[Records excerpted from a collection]
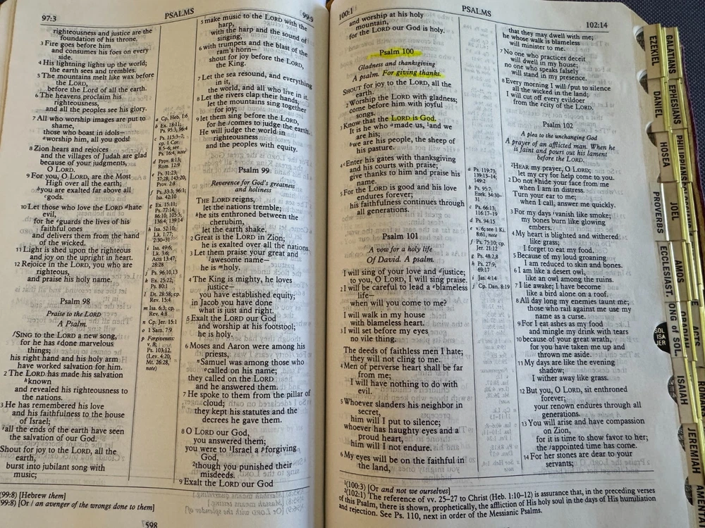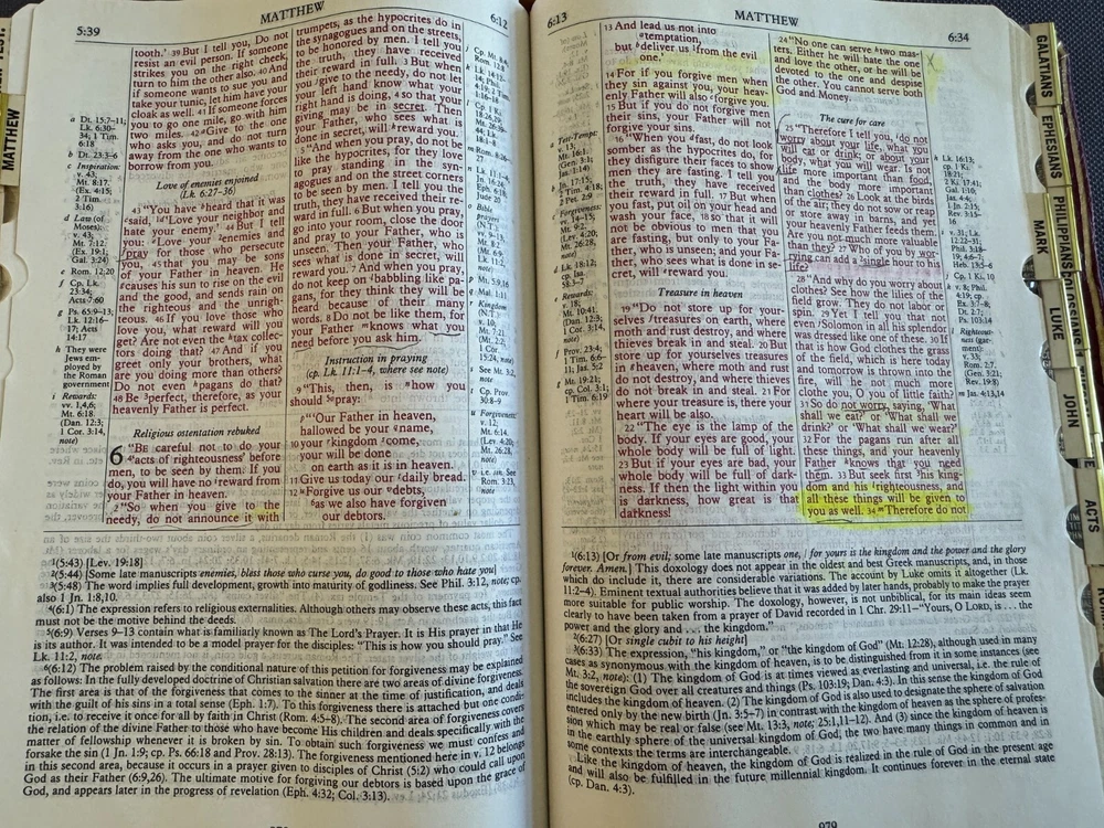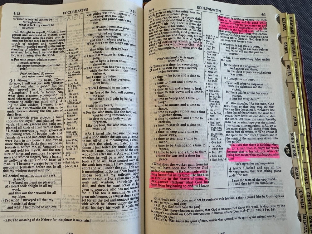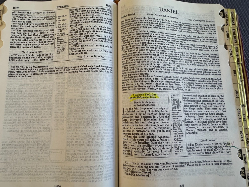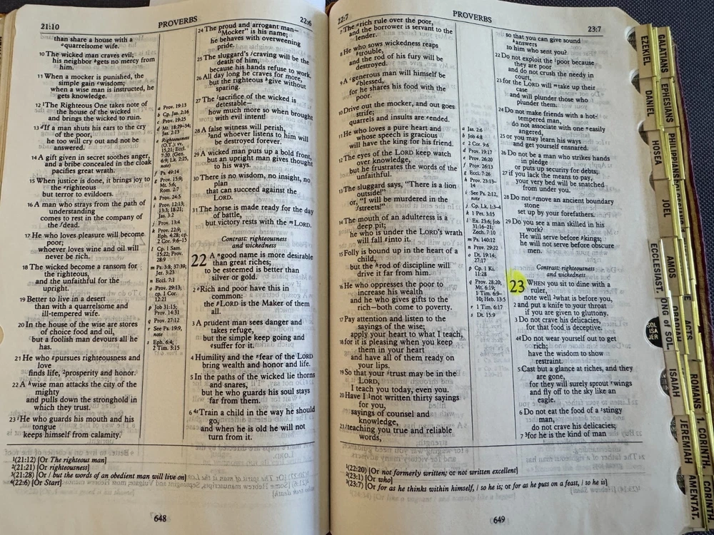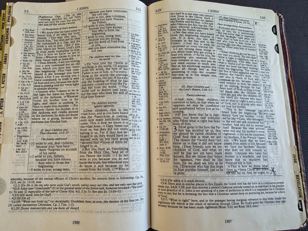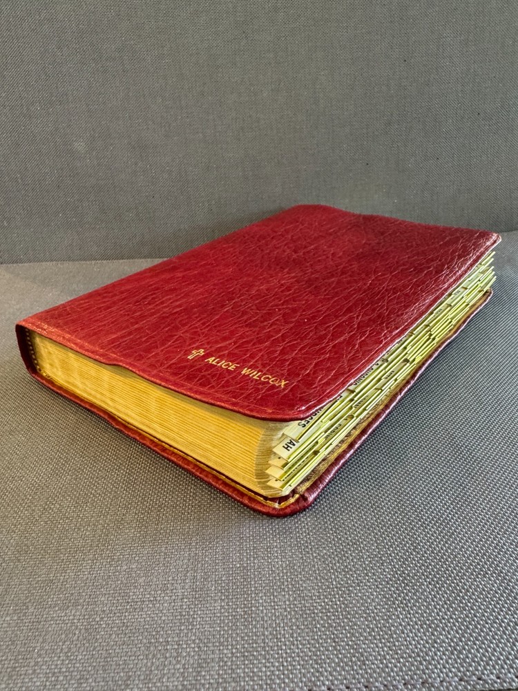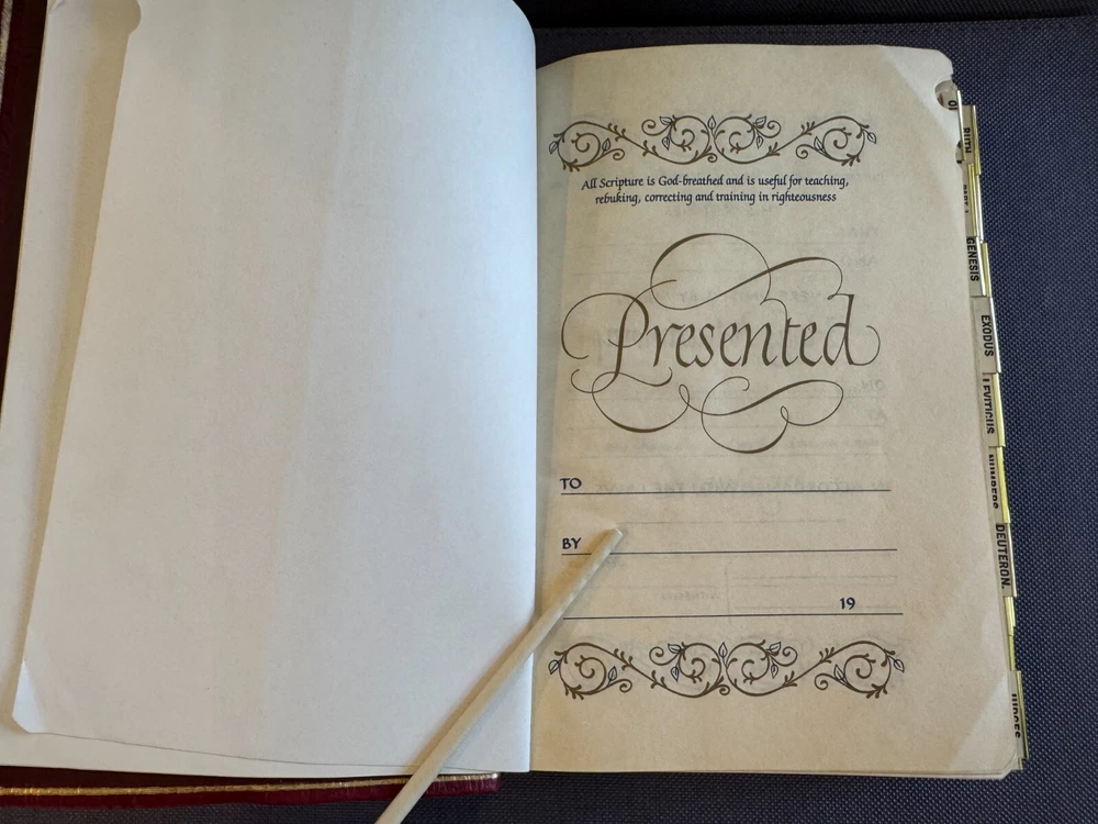 Holy Bible New International Version Red Letter Concordance New Scoffield Study System bound in burgundy leather published by Oxford University Press NY 1984. The bible is in acceptable condition with a clean cover embossed with the original owner's name, a blank "Presented To' pages but it has many pages with highlighting and some ink underlining. These can be seen in the pictures. It is model 6274, is 9-1/2" by 6-3/8" with 1,575 numbered pages and has both thumb indexes & tabs. Please view all the pictures for more information.
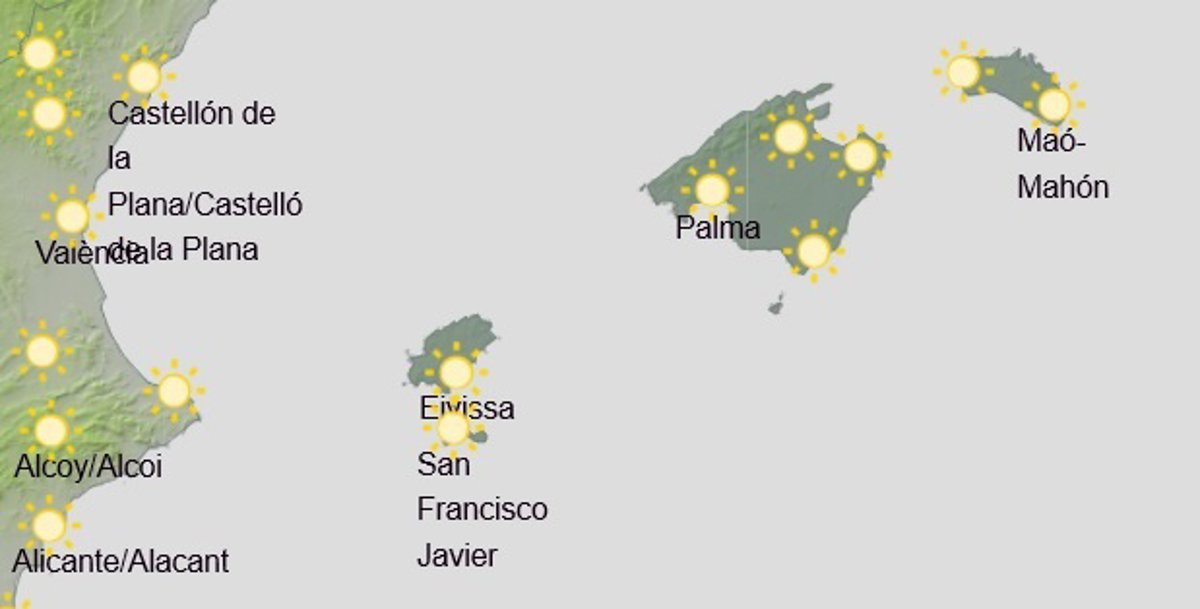 La Agencia Estatal de Meteorología (Aemet) prevé para este sábado, 21 de febrero en Baleares cielo poco nuboso y viento flojo de componente oeste.
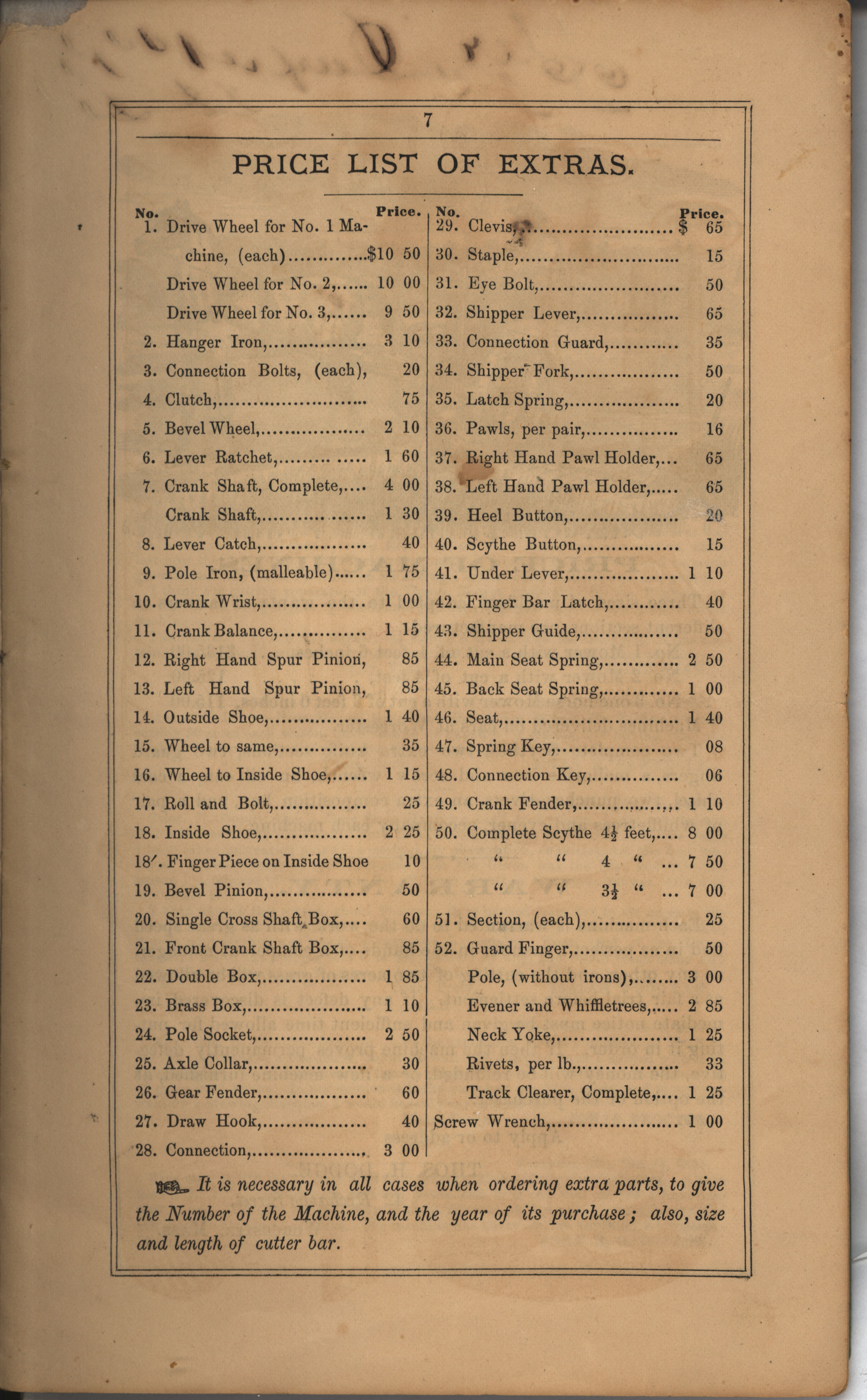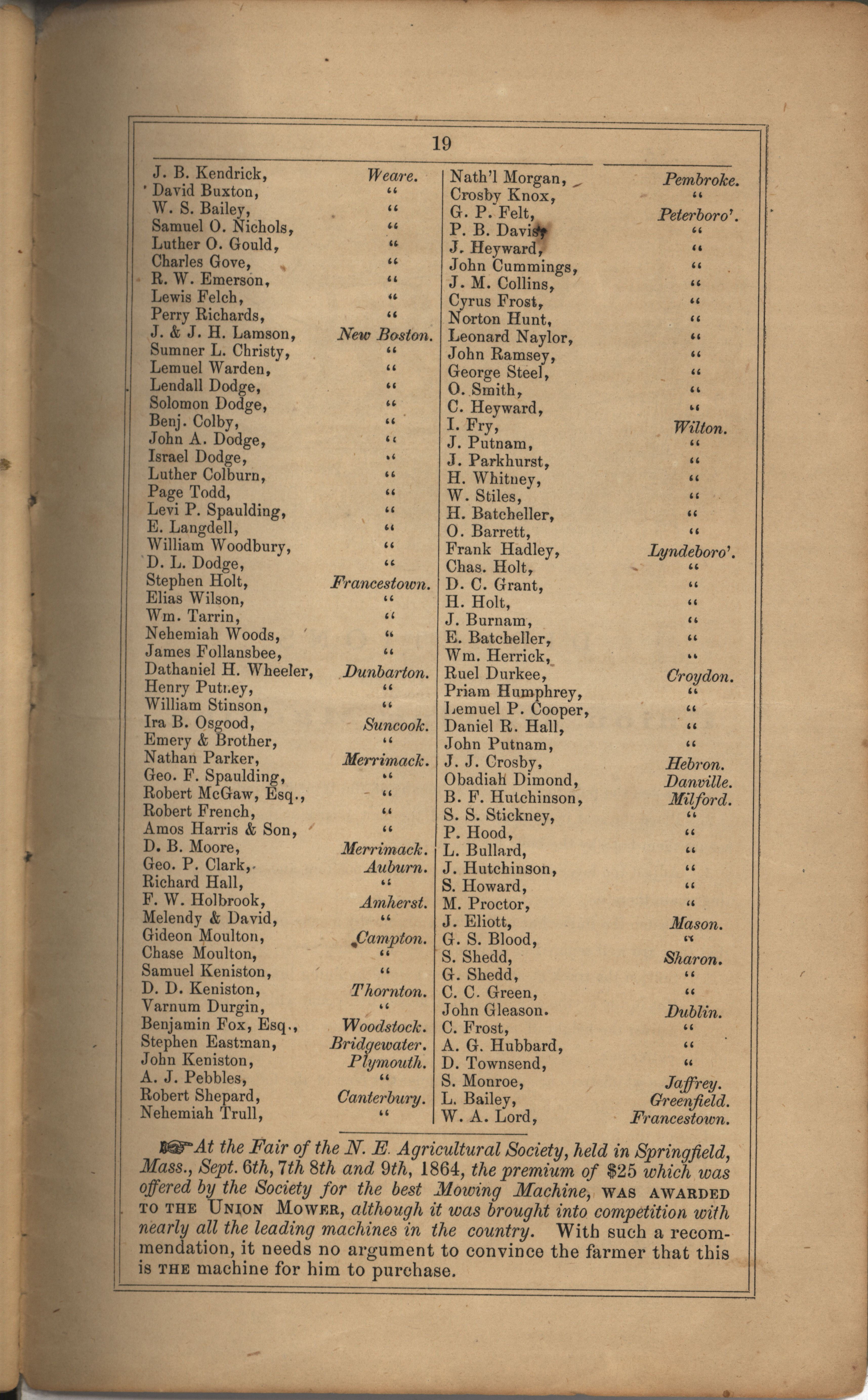 Alzirus Brown Union Mowing Machine 1866 catalog Item Info
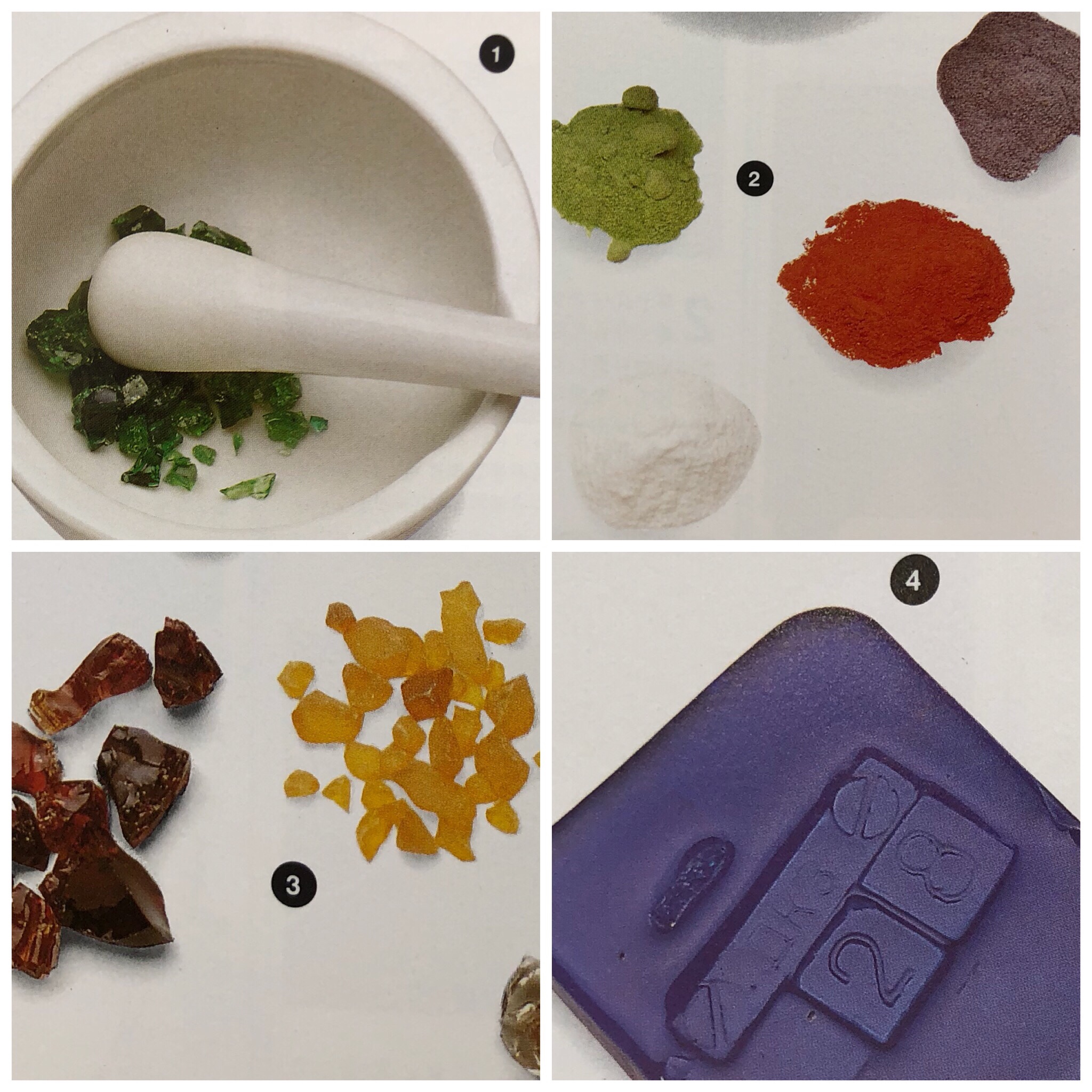 ① 磁気の乳鉢と固形エナメルとすりこぎ。
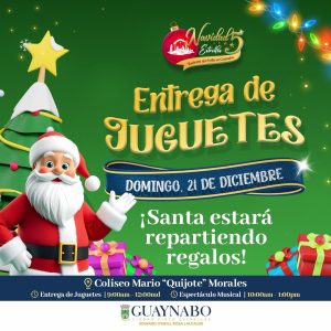 El alcalde de Guaynabo, Edward O’Neill Rosa, anunció que el domingo, 21 de diciembre se realizará la gran Entrega de Juguetes en el Coliseo Mario “Quijote” Morales, donde Santa estará repartiendo regalos y mucha ilusión navideña.
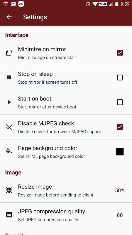Vous pouvez également définir la qualité et la taille de l'écran en miroir.
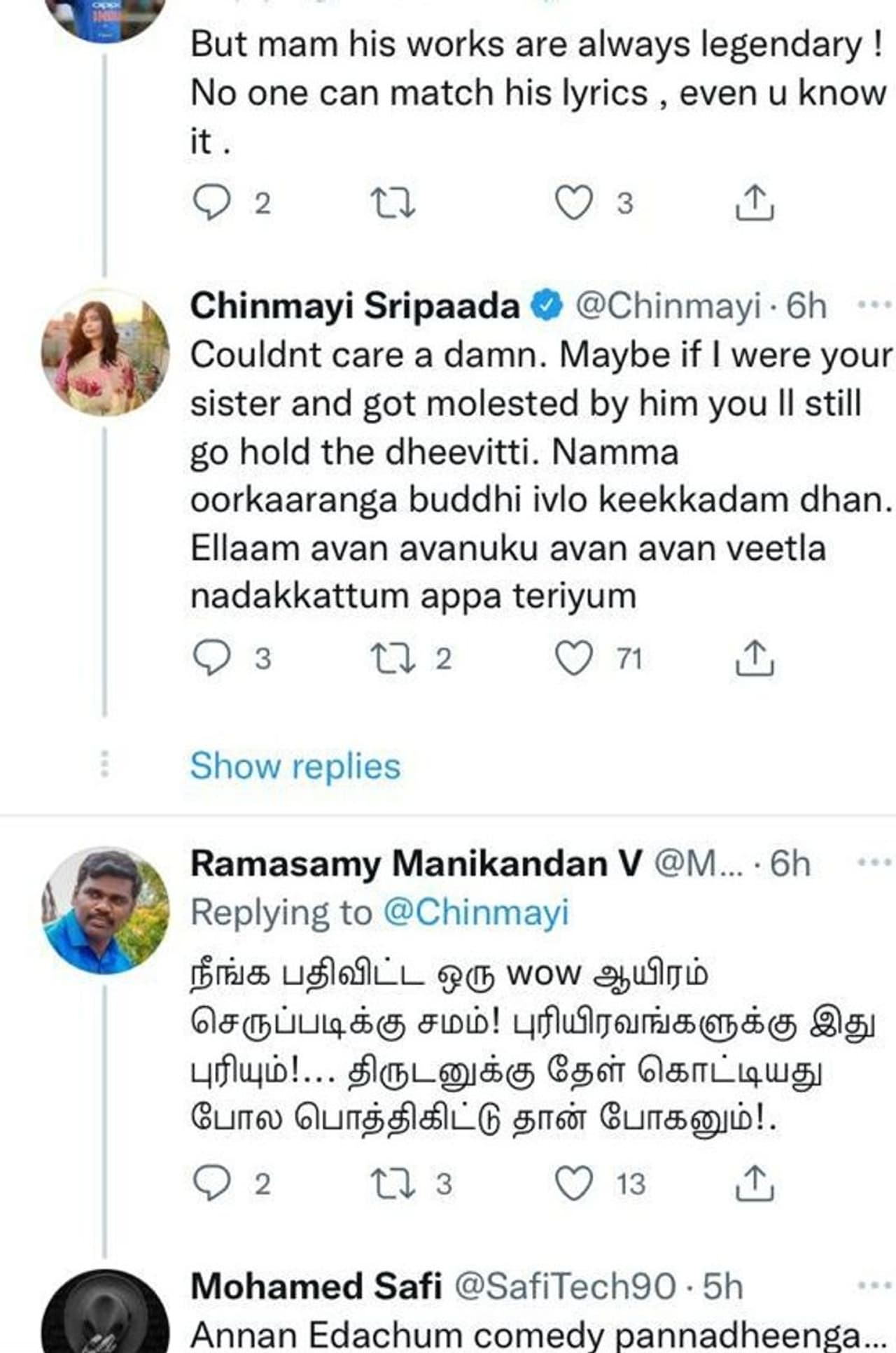 இது தொடர்பாக ட்வீட் செய்துள்ள சின்மயி; கொஞ்சமும் கவலைப்ப என கடுமையாக விமர்சனம் செய்துள்ளார்..ட முடியவில்லை. ஒருவேளை நான் உன் சகோதரியாக இருந்து அவனால் துன்புறுத்தப்பட்டாலும் நீ இன்னும் தீவிட்டியைப் பிடித்துக் கொண்டு செல்வாய். நம்ம ஊர்காரங்க புத்தி இவ்ளோ கேட்கலாம் தான். எல்லாம் அவன் அவனுக்கு அவன் வீட்டில் நடக்கட்டும் அப்பா தெரியும். வ்வாறு கடுமையாக விமர்சித்துள்ளார் சின்மயி..
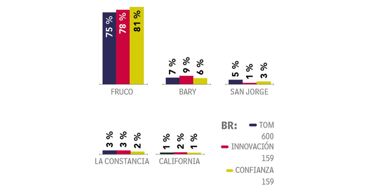 Entre las más innovadoras en esta categoría, lidera Fruco con 78 por ciento, y gana 7 puntos frente a 2023. Le sigue Bary con 9 por ciento, y La Constancia con 3 por ciento. En confianza, Fruco gana 3 puntos y suma 81 por ciento, seguida por Bary con 6 por ciento y San Jorge con 3 por ciento.
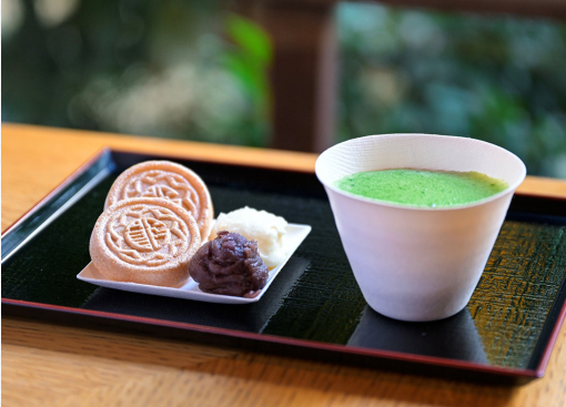 菊花壇展を鑑賞した後は、翔天亭で甘味処あのんの「生菓子抹茶セット」や「あんぽーねソフト」を味わった。
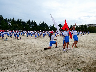 紅白の応援団長からの話では、「こういう運動会にしていきたい!」「皆でこうしていこう!」という思いがよく伝わってきました。互いに意見を言い合い、高め合いながら、よりよい運動会にしていってほしいと思います。

TASK ITEM: Output each record precisely as it appears, and drop every picture.

WRITTEN SOLUTION:
 Holy Bible New International Version Red Letter Concordance New Scoffield Study System bound in burgundy leather published by Oxford University Press NY 1984. The bible is in acceptable condition with a clean cover embossed with the original owner's name, a blank "Presented To' pages but it has many pages with highlighting and some ink underlining. These can be seen in the pictures. It is model 6274, is 9-1/2" by 6-3/8" with 1,575 numbered pages and has both thumb indexes & tabs. Please view all the pictures for more information.
 La Agencia Estatal de Meteorología (Aemet) prevé para este sábado, 21 de febrero en Baleares cielo poco nuboso y viento flojo de componente oeste.
 Alzirus Brown Union Mowing Machine 1866 catalog Item Info
 ① 磁気の乳鉢と固形エナメルとすりこぎ。
 El alcalde de Guaynabo, Edward O’Neill Rosa, anunció que el domingo, 21 de diciembre se realizará la gran Entrega de Juguetes en el Coliseo Mario “Quijote” Morales, donde Santa estará repartiendo regalos y mucha ilusión navideña.
Vous pouvez également définir la qualité et la taille de l'écran en miroir.
 இது தொடர்பாக ட்வீட் செய்துள்ள சின்மயி; கொஞ்சமும் கவலைப்ப என கடுமையாக விமர்சனம் செய்துள்ளார்..ட முடியவில்லை. ஒருவேளை நான் உன் சகோதரியாக இருந்து அவனால் துன்புறுத்தப்பட்டாலும் நீ இன்னும் தீவிட்டியைப் பிடித்துக் கொண்டு செல்வாய். நம்ம ஊர்காரங்க புத்தி இவ்ளோ கேட்கலாம் தான். எல்லாம் அவன் அவனுக்கு அவன் வீட்டில் நடக்கட்டும் அப்பா தெரியும். வ்வாறு கடுமையாக விமர்சித்துள்ளார் சின்மயி..
 Entre las más innovadoras en esta categoría, lidera Fruco con 78 por ciento, y gana 7 puntos frente a 2023. Le sigue Bary con 9 por ciento, y La Constancia con 3 por ciento. En confianza, Fruco gana 3 puntos y suma 81 por ciento, seguida por Bary con 6 por ciento y San Jorge con 3 por ciento.
 菊花壇展を鑑賞した後は、翔天亭で甘味処あのんの「生菓子抹茶セット」や「あんぽーねソフト」を味わった。
 紅白の応援団長からの話では、「こういう運動会にしていきたい!」「皆でこうしていこう!」という思いがよく伝わってきました。互いに意見を言い合い、高め合いながら、よりよい運動会にしていってほしいと思います。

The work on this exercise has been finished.